A recent article mentions that in the first decade of the new millennium (2000-2010), there has been less than 1% growth in small molecule new chemical entities (NCEs). Large molecule new biological entities (NBEs) have grown by about 25% during the same period.
The sale of large molecules has also grown at a compound annual growth rate (CAGR) of 10.1% during 2009-2015. Small molecules have sold at a CAGR of only 3.9% during the same period.
Keeping in mind the growing importance of large molecule bioanalysis in the contemporary pharmaceutical industry, this article explores the reasons. It also presents some of the recent trends in the field of large molecule bioanalytics.
Factors Driving The Interest In Large Molecules
Several factors are driving this interest in large molecule bioanalysis, as listed below.
- There is a growing demand for protein therapeutics because of their specificity. The chances of getting healthy cells affected, leading to adverse side effects, is much lower with protein therapeutics or biologics.
Biologics bind to specific receptor cells linked with the disease process. They also have a higher efficacy rate as a result.
- Protein therapeutics make it possible to develop novel treatment methods for medical conditions that have had limited treatment options so far.
- Infectious diseases, metabolic disorders, neurology, and oncology are some of the typical areas for biologics-based treatment.
Our understanding of cell physiology has progressed considerably because of technological advances. Targeting different diseases at the cellular level is now possible. Some of the most remarkable novel treatment options for rare diseases relate to next-generation cell and gene therapies.
Recent Patent Expiries
Biologics estimated to have the annual sales value of US$20 billion have gone off-patent in 2015, an article informs us. This has also created a scope for new initiatives in the development of protein therapeutics.
This article informs that the average number of years for a large molecule to get approval is nine while that for small molecules is 23. It is natural for the pharmaceutical industry to focus more on biologics, rather than on small molecule bioanalysis.
Some Recent Trends and Challenges
Unlike small molecule bioanalysis, analytical methods for protein therapeutics are far more complex.
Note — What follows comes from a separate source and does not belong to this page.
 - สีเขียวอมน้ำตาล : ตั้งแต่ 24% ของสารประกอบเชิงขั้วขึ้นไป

It is possible to produce the simple and clearly defined structures of small molecule drugs through calculable chemical processes.
Protein therapeutics-base drugs, in contrast, involve manifold heterogeneous molecules. Also, they are produced in living cell culture. Controlling them is far more difficult as a result. A protein therapeutic-based drug development process may involve more than 5000 steps, for instance.
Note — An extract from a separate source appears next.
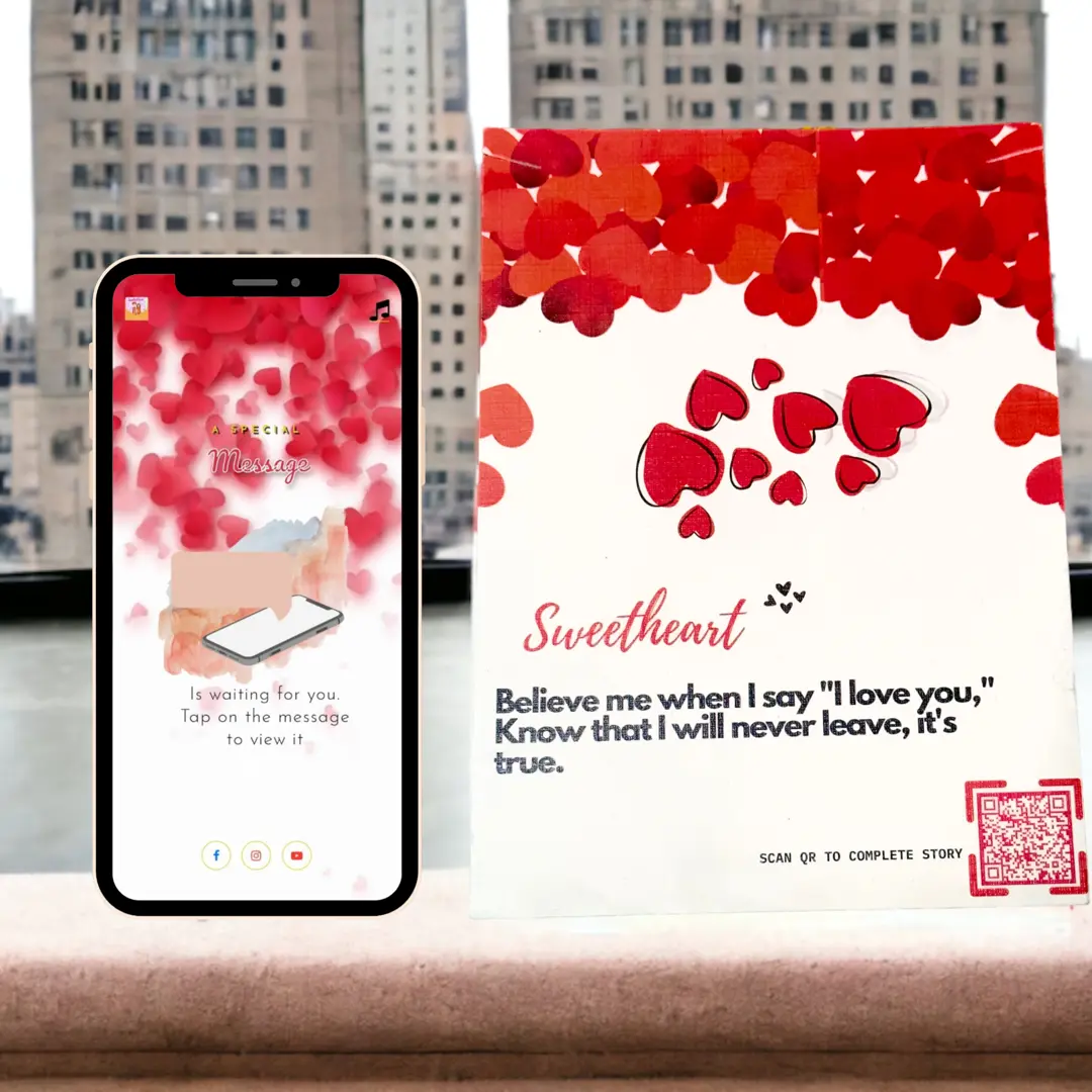 🔸 She then scans the QR code on the Postcard, unveiling the continuation of your specially curated message.

That is greater by multiple times than small molecule bioanalysis processes. Also, even the slightest change in the manufacturing process of biologics can have a considerable influence on the immunogenicity and safety of a drug. This continues to be the biggest challenge in the development of biologics-based drugs.
Expert Opinion On The Future
Ligand binding assays (LBAs) continue to be the golden rule for large molecule quantification. However, developments in triple quadrupole mass spectrometers in combination with advances in proteomics have made LC-MS/MS a viable technique for large molecule quantification.
Most experts believe that LC-MS/MS will be an additional tool along with LBA, not a substitute. A survey conducted by Bioanalysis-zone had 90% of the respondents emphasize that labs conducting large molecule bioanalysis should have access to both LBA and LC/MS-MS.